IoU of backbone network layers in the local annotation training model for original images, texture-filtered images, and grayscale images.
Figure 3.
Visualization of the backbone network layers in the local annotation training model based on: (a) original images, (b) texture-filtered images, and (c) grayscale images. (d) The detailed heat map of the layer that contributes the most when using the original, texture-filtered, and grayscale images. The red dashed box represents the layers in the network that contribute highly to feature extraction. In each subfigure, the first, second, and third rows from top to bottom represent the heat map, the binarized image, and the binarized image overlaid on the original image, respectively. The binarized images are obtained by thresholding each heat map at 15% of its maximum intensity.

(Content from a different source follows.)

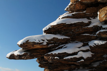 Snowy Rock in the forest. Video. snowy rocks in the mountains with clear sky. Snowy mountain with folding rock layers
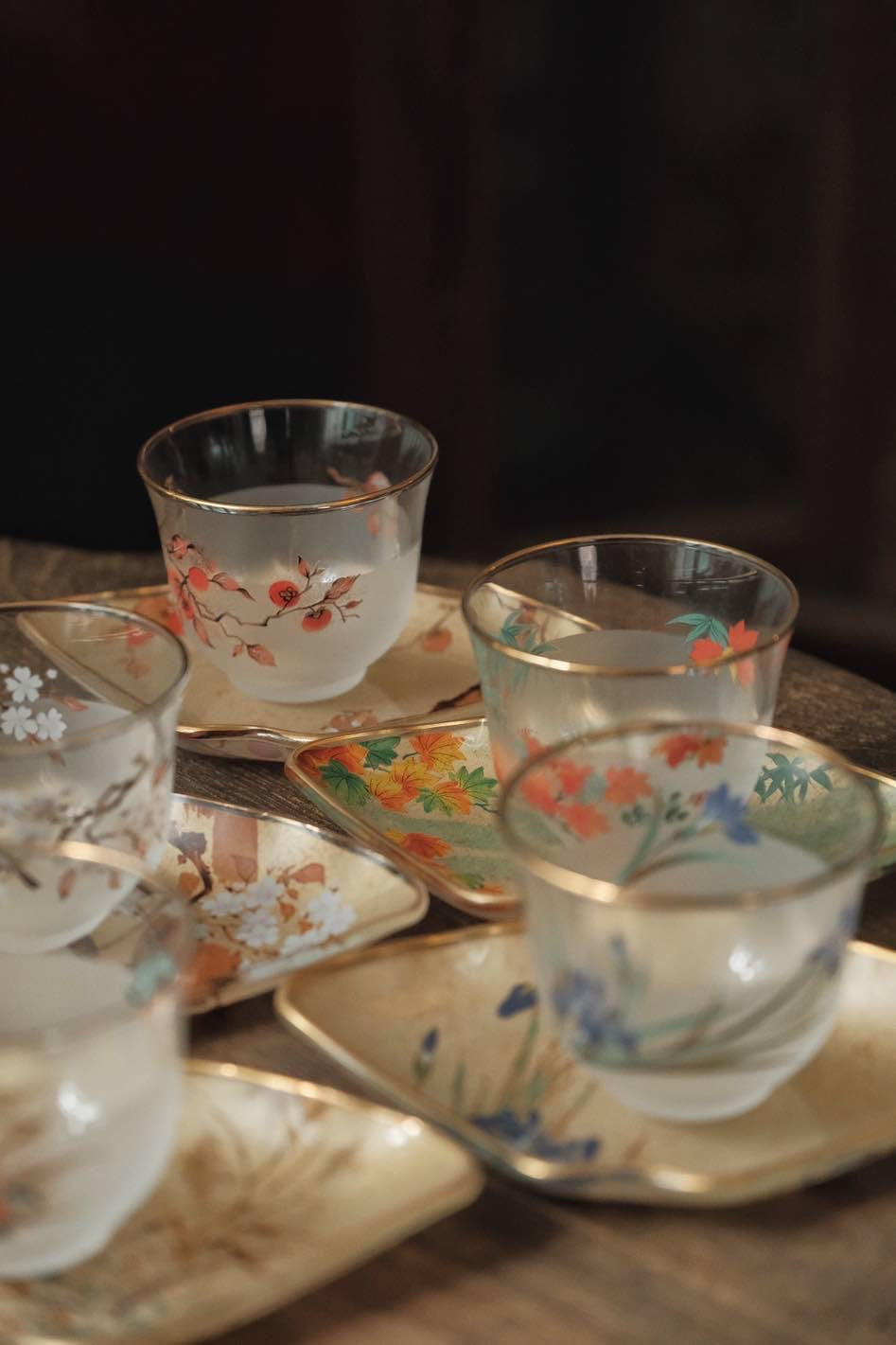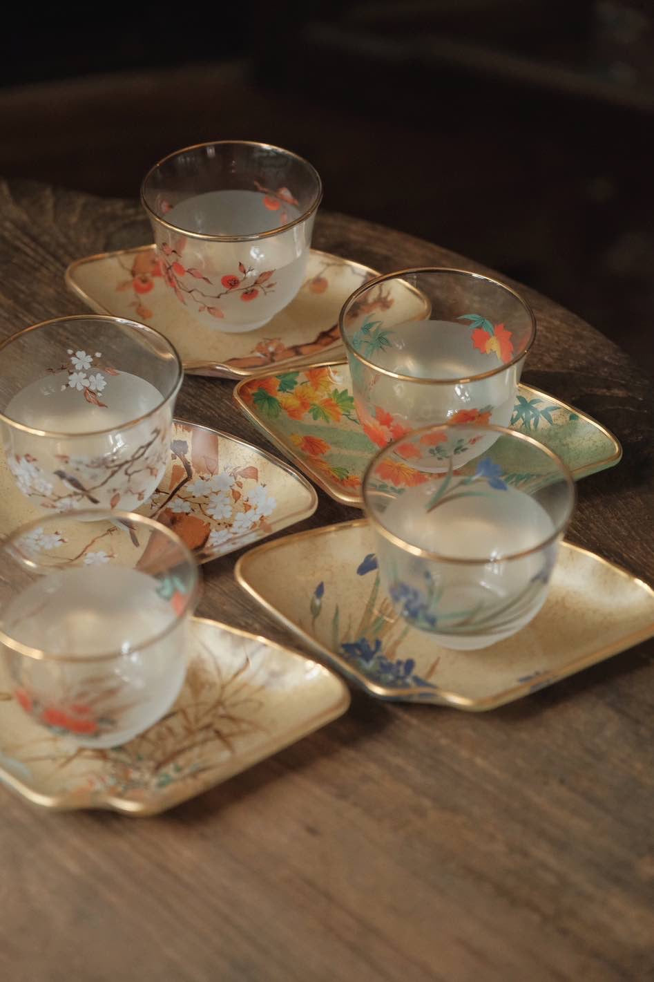 日本製•昭和光琳繪花鳥冷茶磨砂杯連扇碟(160ml)

For the original RGB images, the layers 0 and 1 showed low activation levels, with average response values of 0.06 and 0.10, respectively. This indicates limited feature extraction ability in the early layers. In contrast, layers 2 through 4 demonstrated significantly higher contributions, highlighting their role in extracting shape and contour features of wheat seedlings (Figure 3a). An apparent decrease in contribution was observed at layer 5, implying a reduced ability to preserve seedling-related semantics in the deeper layers.
When texture-filtered images were used as input, the overall trend remained similar (Figure 3b). Layers 0 and 1 showed slightly increased response values compared to the original images, suggesting enhanced sensitivity to local structural patterns. Layers 2 to 4 continued to dominate in feature contribution, and layer 5 again demonstrated a decline in activation, indicating consistent limitations in high-level semantic abstraction for seedling targets.

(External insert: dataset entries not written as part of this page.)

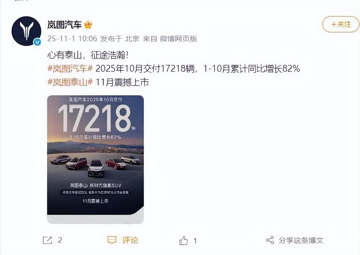 据岚图汽车官方微博,岚图汽车2025年10月交付17218辆,1-10月累计同比增长82%。
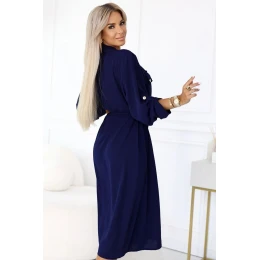 Dámské šaty 531-6 Numoco basic - tmavě modrá barva - košilový typ - zapínání na zlaté knoflíky - vázání v pase - zdobená kapsami - s límečkem
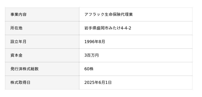 また、この度、長年にわたりアフラック生命保険株式会社の保険商品を取り扱い、岩手県盛岡市を中心とした地域に密着した営業活動を行ってこられた保険代理店の株式を譲受することで、当社の生命保険代理事業における販売網を東北にも拡げ一層強化するものです。本件により、当社の既存の営業基盤と、譲受先の持つ地域密着型の営業ノウハウとの融合が図られ、多様化するお客様のニーズに対し、より質の高い保険サービスの提供が可能になると考えております。
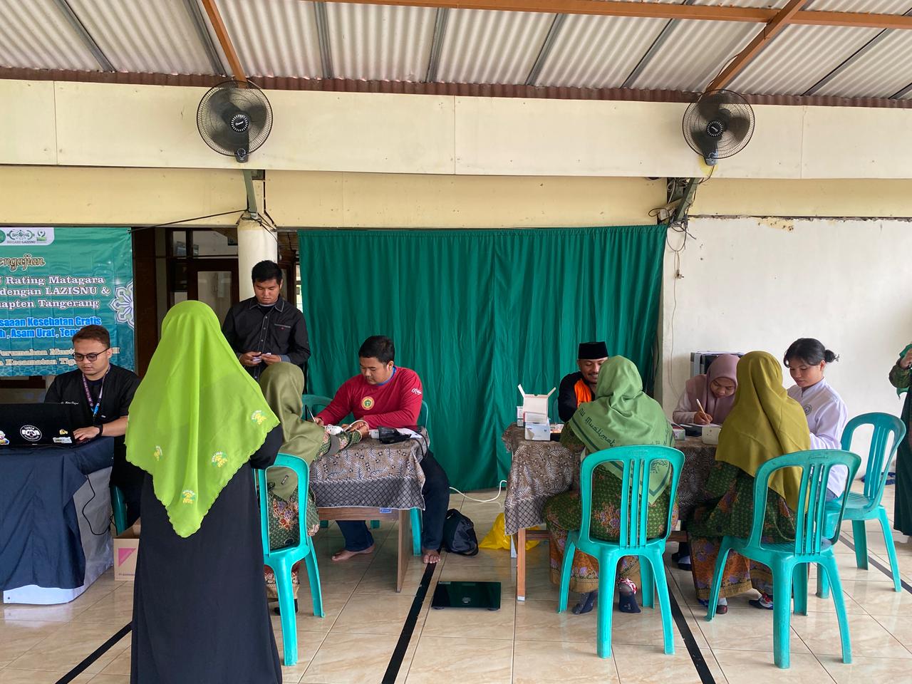 Puskesmas Pasir Nangka melaksanakan kegiatan cek kesehatan gratis dalam rangka mendukung acara pengajian rutin Muslimat NU di Desa Matagara yang berlangsung di Masjid An-Nur.
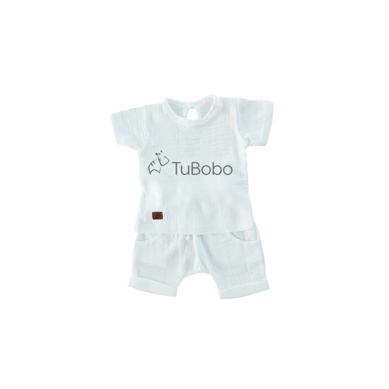 Muślinowy komplet wykonany jest z delikatnego i przewiewnego muślinu, idealnego na ciepłe letnie dni. Materiał ten jest lekki i przyjemny w dotyku, zapewniając dziecku komfort noszenia.

Grayscale images, which remove color information, resulted in the most significant variation in layer-wise contributions (Figure 3c). The average response values in layers 0 and 1 increased by 0.65 and 0.47, respectively, compared to the original images, and by 0.58 and 0.41, respectively, compared to the texture-filtered inputs. This indicates that grayscale preprocessing enhances the network’s sensitivity to intensity-based features, such as edges and contours, particularly in the network’s early layers. However, beginning from layer 3, contribution values progressively declined, suggesting that the absence of color cues limits the semantic encoding capacity of the deeper layers.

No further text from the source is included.